Chahal began the Pharm.D. program four and half years into his graduate studies. He wanted to interact with patients, which was an element he felt was missing from his Ph.D. research.

“Dr. Kathryn Meier was very monumental in my career. She was amazingly supportive and helpful. She is the one who suggested the Pharm.D. program,” he said.

Then it was Linda Garrelts MacLean, a pharmacotherapy department chair for the Pharm.D. program at that time, who encouraged Chahal to participate in leadership roles.

“I was the shy, quiet student in the corner, I had never joined a club. Linda advocated leadership and recommended I participate in a pharmacy business plan project,” says Chahal.

During pharmacy school, Chahal was involved in various leadership positions with the National Community Pharmacists Association (NCPA), and with WSU student government including the Graduate and Professional Student Association (GSPA), the Associated Students of WSU (ASWSU) in Spokane, and the WSU chapters of the pharmacy organizations Kappa Psi and Rho Chi.

He defended his Ph.D. on August 8, 2008, and became one of the first Pharm.D./Ph.D. graduates from the WSU College of Pharmacy in 2010.

“I consider Kay and Linda to be my lifetime mentors,” says Chahal.

Chahal is currently an oncology pharmacist at Summit Cancer Centers in Spokane. He reviews and customizes chemotherapy regimens to optimize the best outcomes for his patients. Over the years he has developed key contacts at health plans, pharmaceutical companies, and patient assistance foundations in order to advocate for his patients. He facilitates access to the cancer medications and payment options that will contribute to the best care possible for each individual.

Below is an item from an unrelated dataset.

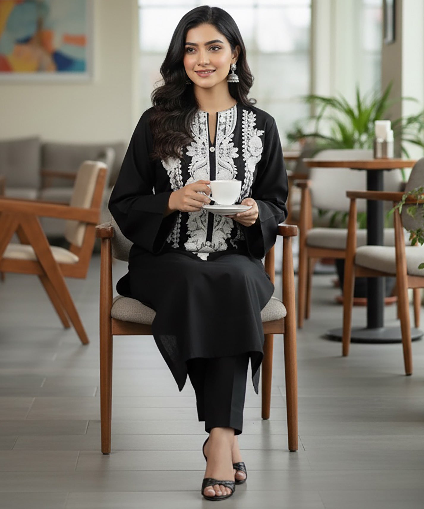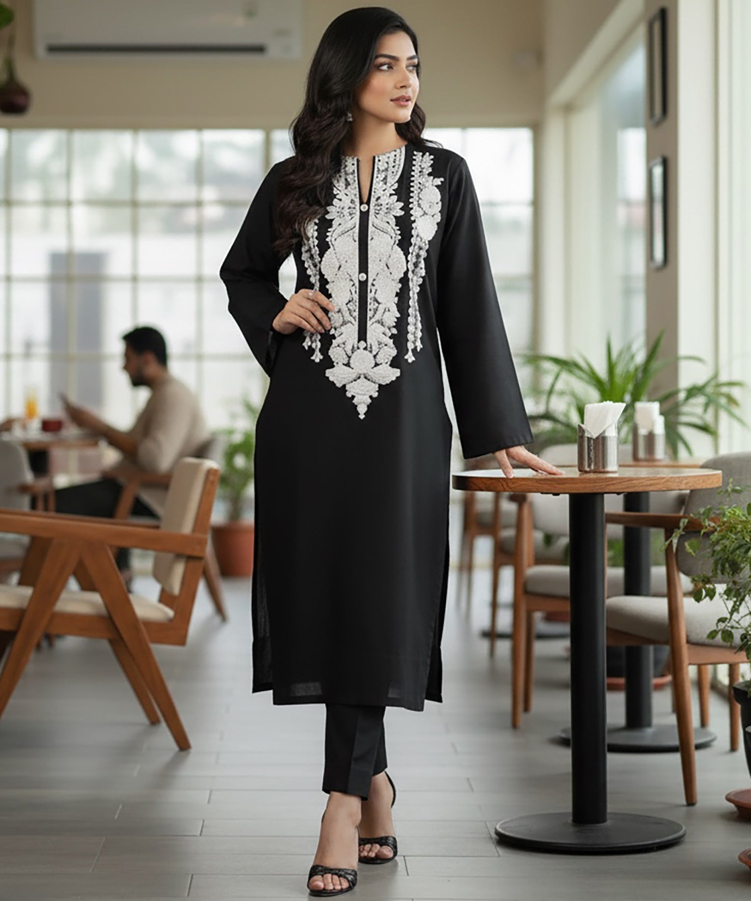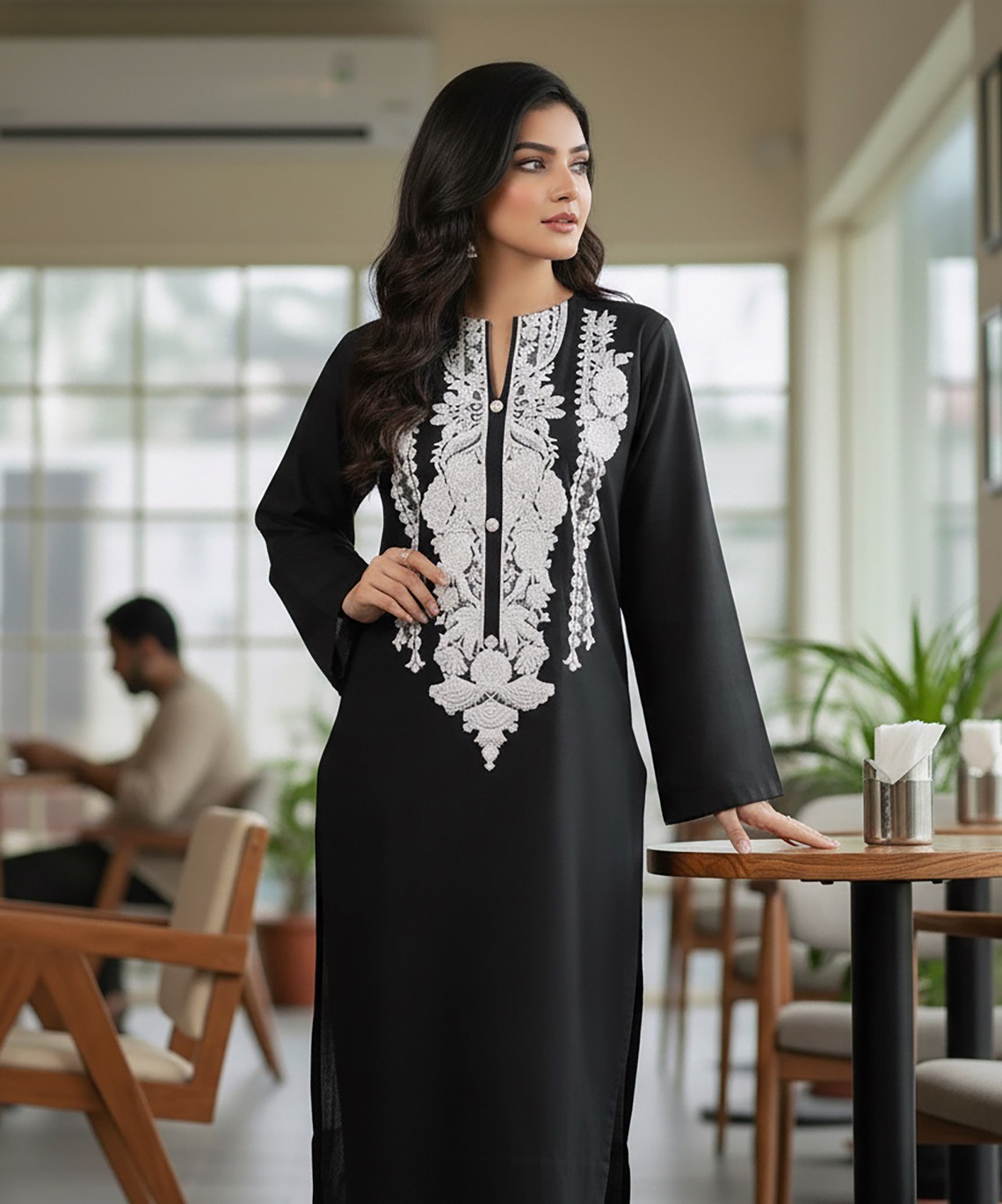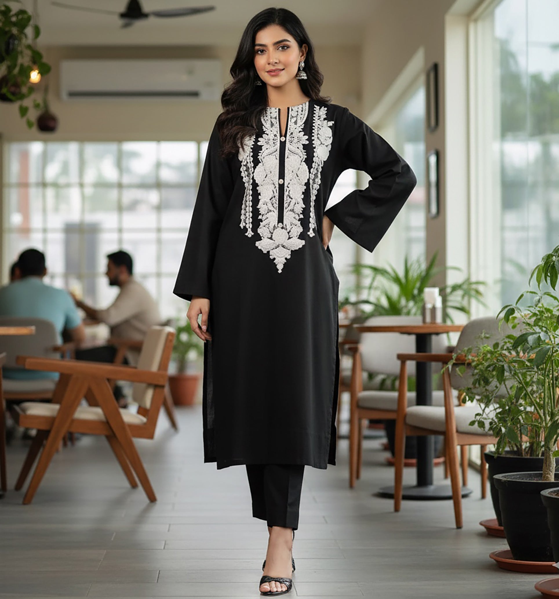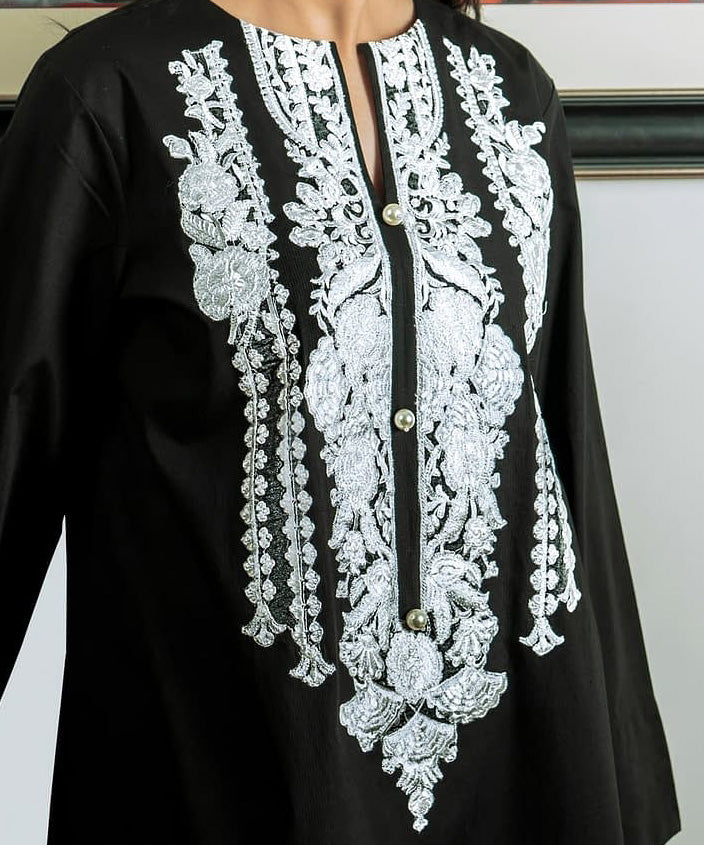 A timeless winter favorite — Noir Grace features a rich black khaddar base adorned with intricate white embroidery on the neckline. Minimal yet elegant, this 2-piece ready-to-wear outfit brings effortless sophistication to your winter wardrobe.

“I want to know my patients, who they are, and how I can help. The ability to work one-on-one with my patients is why I love my job, and my career” says Chahal.

And it’s not just about the work. For Chahal, one of the best advantages for being actively involved with the WSU College of Pharmacy is the chance to get to interact with student pharmacists.

“The students give me hope, passion and energy. It is energizing to see their passion for the profession and where we are going. Students’ passion is infectious. We as practitioners need to be exposed to what can happen, and where we can go. It’s pretty amazing to interact with them,” he says.

Chahal is a past-president of the Spokane Pharmacy Association. He serves on the Washington State Pharmacy Association (WSPA) board of directors, the Cancer Can’t Foundation board of directors, the WSU College of Pharmacy dean’s advisory council, and he is the current chair of the WSU pharmacy alumni community, CougaRx Nation. He is also actively involved in the college’s Alumni and Student Mentor Program.

WSU pharmacy’s mentor program supports the college mission to develop outstanding health care professionals. The program pairs each WSU student pharmacist with a current pharmacy professional who is also a WSU alumni or preceptor, contributing to each student’s professional support network.

“I want people to be involved and care about their profession and the future of our profession. It shows when you’re involved. Not everyone has to be the WSPA president, but anyone can mentor a student and be there for career advice. Plus, all the effort comes back to you, full circle. These students are going to be my colleagues in under four years!” says Chahal.